Area schools with top finishes in hip hop include Hillcrest, first in 4A; Alta, third in 4A; Bingham first in 5A; Brighton, second in 5A; Granger, third in 5A and Riverton, fifth in 5A.
In the officer competition, Hillcrest won the 4A division and Brighton won the 5A. Riverton placed second in 5A, Taylorsville was third and West Jordan High was fourth.
In the lyrical contest, Hillcrest won first place in 4A and Alta was second. In 5A, Brighton was second and Taylorsville was third.
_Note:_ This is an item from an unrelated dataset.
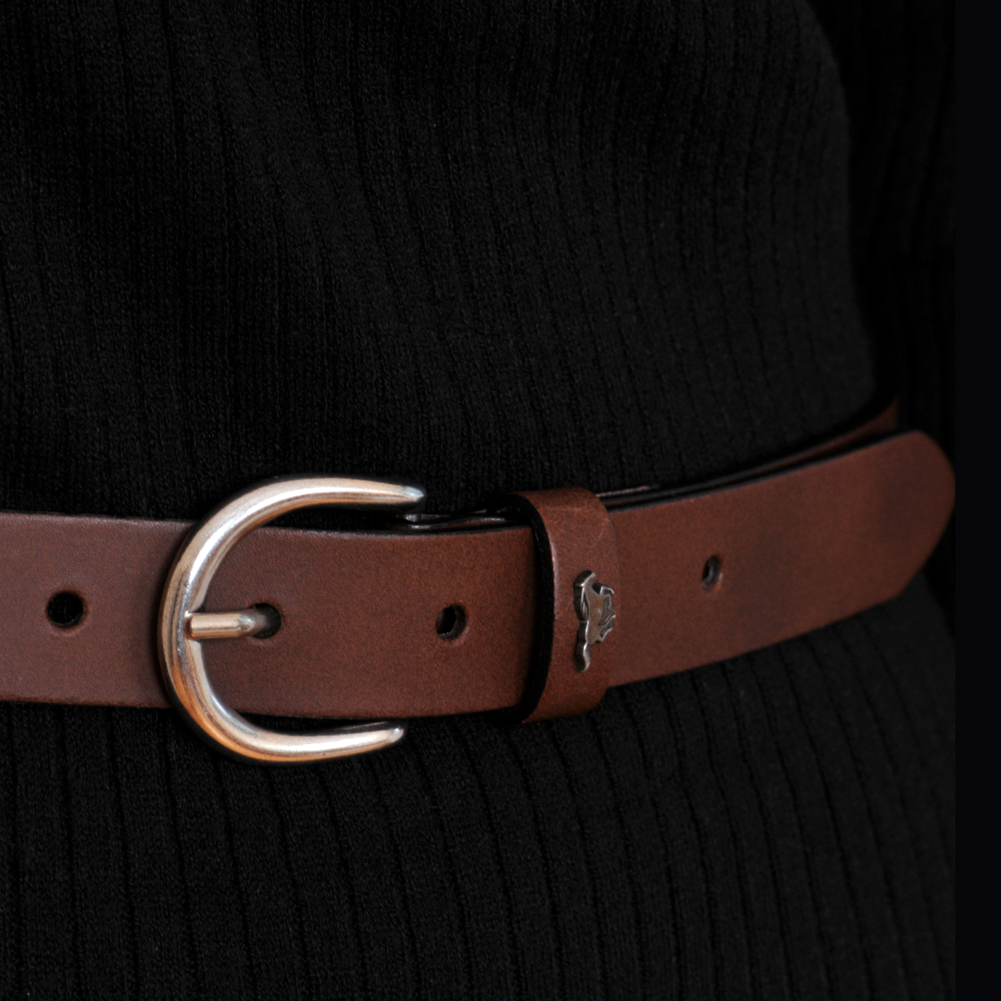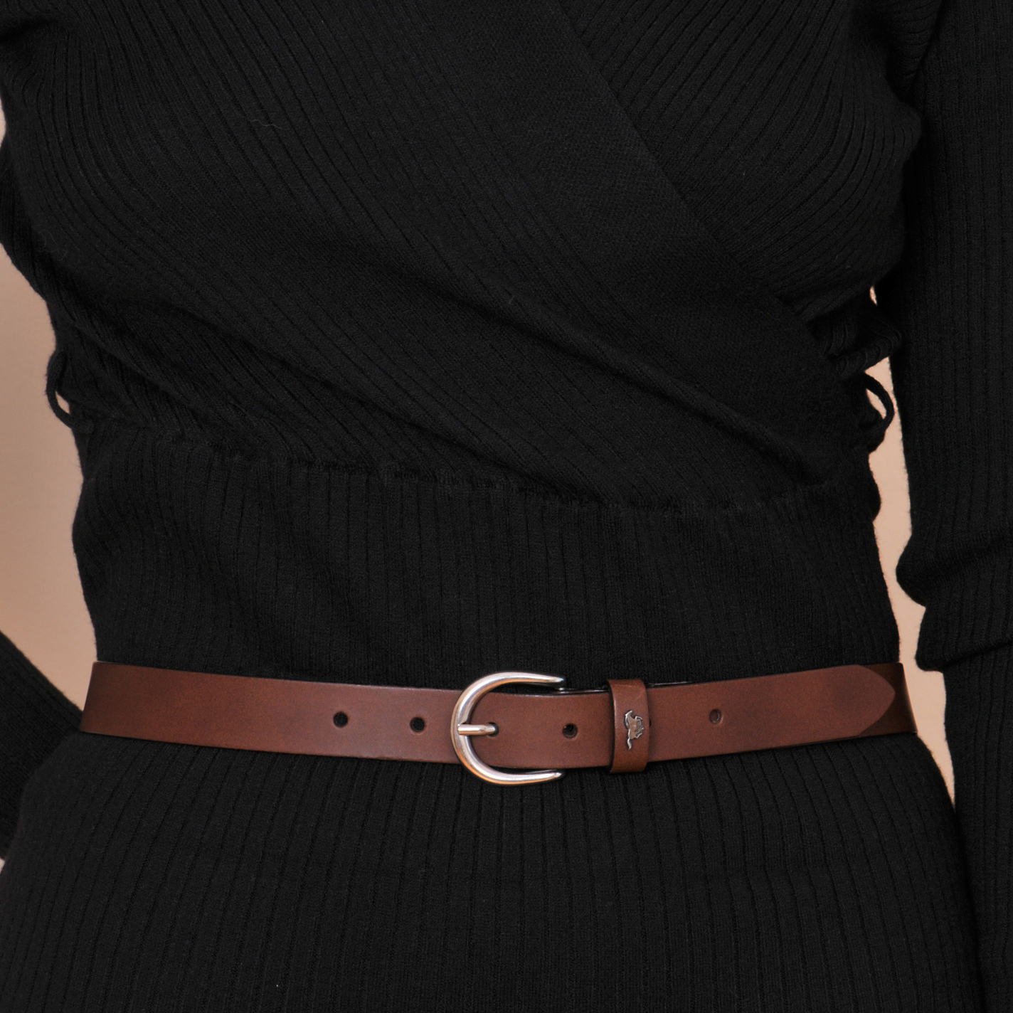 Hnědý dámský kožený pásek o šířce 2,5 cm má pěknou malou sponu s povrchovou úpravou NKS (nikl satinato). Tato spona obsahuje nikl. Pásek je vyrobený z kvalitní kůže. Na výběr máte z různých délek opasků. Spona je k opasku přišitá napevno.  Hrany opasku jsou ošetřeny černou barvou, která zajišťuje hladké zakončení a delší životnost.

In the 4A military contest, Hillcrest won; Alta was fourth and Kearns placed fifth. In 5A military, Bingham won; Brighton was second and Hunter was fifth.
The 4A dance champion is Hillcrest, with Kearns placing fourth and Alta, fifth. The 5A dance winner is Bingham, with Brighton, third; Taylorsville, fourth; and Hunter, fifth.
In character competition, Hillcrest won the 4A title, with Kearns finishing fourth and Alta, fifth. Bingham won the 5A contest, with Brighton, third, and Hunter, fourth.
The top 10 routines included Hillcrest for officer, character, military, lyrical and dance as well as to Bingham in hip hop and character.
First-place individual winners from Hillcrest include Caroline Tarbet, Alyssa Gustafson and Myranda Scherschligt.